- Six in 10 consumers who shopped for food in April said they had difficulty finding specific items, according to Morning Consult’s latest supply chain and inflation report. However, most consumers eventually tracked down and bought grocery items that they had rated as hard to find.
- For consumers who considered but did not purchase a certain grocery item, 41% cited its unavailability, while another 35% were influenced by its high price, according to Morning Consult’s previous survey.
- As supply chain bottlenecks result in empty store shelves and food prices continue to rise, consumers are increasingly changing their buying behavior to cut costs, including taking advantage of discounts and buying private label brands.
Shortages across the food and consumer goods industry have become a mainstay of the pandemic. Over the past year, everything from cereal to cream cheese have disappeared from store shelves, as ongoing supply chain issues throw up roadblocks. Most recently, a widespread shortage of baby formula, which came in the wake of a product recall and plant closure, led President Biden to invoke the Defense Production Act this week to boost supply.
Along with shortages, consumers are also grappling with record-high food prices. According to the latest Consumer Price Index data, food-at-home prices saw their largest 12-month increase in over 40 years. Recent data from Inmar Intelligence revealed that in response, some consumers are buying less food items overall, with more than one-third stating that they have either reduced the number of items that they purchase per trip or have stopped shopping for food as much.
One group shifting their buying habits significantly are millennials and Gen Z, whose spending decreased 9% and 12% in March, respectively, compared to a year ago, according to an analysis by Morning Consult. Millennials, who typically spend more on groceries than other generations, are now cutting spending in several areas, the data firm stated.
More consumers are also concerned with prices on food staples, Morning Consult found. Over half of all consumers noticed that meat prices have increased, according to the firm. Nearly half of all consumers (49%) said that they are “very concerned” with meat price increases, with produce and dairy following at 40% and 39%, respectively.
The rise in food prices has given lower-priced private brands an opportunity for growth. Morning Consult found that among all U.S. adults, 43% said that they are now often buying private label to cut costs, compared to 36% last October. This number was the highest for millennials, 45% of whom are buying store brands, and for households earnings less than $50,000 (47%).

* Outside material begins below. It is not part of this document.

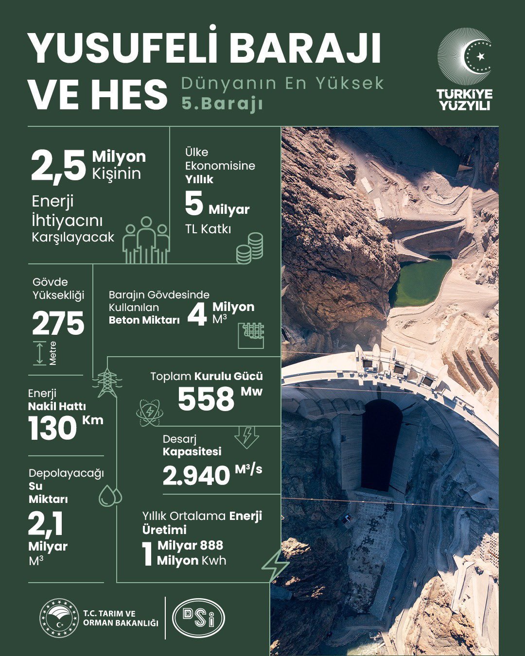 Dün Yusufeli Hidroelektrik Santrali hizmete girdi. Cumhurbaşkanı Recep Tayyip Erdoğan’ın katıldığı törenle kapakları kapatılan ve su tutmaya başlayan Yusufeli Barajı Türkiye’nin en büyük, dünyanın ise 5. büyük barajı olarak tarihe geçti.
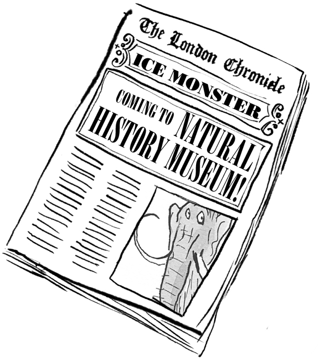 Soon she was sneaking into the museum every single day. Elsie couldn’t read, but she earwigged in on the guides and soon became something of an expert. So, when she saw a picture of the “Ice Monster” on the front page of the newspaper, she knew instantly that it was, in fact, a woolly mammoth. Elsie had learned that these creatures had lived during the Ice Age, when sabre-toothed tigers, GIANT bears,

Companies that sell private label items are seizing on the opportunity for growth. TreeHouse Foods saw strong sales in its fiscal first quarter, with a 7.9% increase compared to the same period in 2021. CEO Steve Oakland said in a statement that private label is “becoming increasingly important to our customers and their consumers as they manage a higher cost macro environment and seek better value.”
While private label has an opportunity to grab onto the growth, it also is not immune to supply chain challenges. In TreeHouse Foods’ most recent quarterly earnings call this month, Oakland said that the company is still working through issues around materials, ingredients and packaging, and that supply chain issues have limited the company’s ability to meet demand.
“Our supply chain limits have really been the inhibitor for us, not the demand piece,” he said. “And so as that slowly improves, we think the absolute volume and units are going to improve.”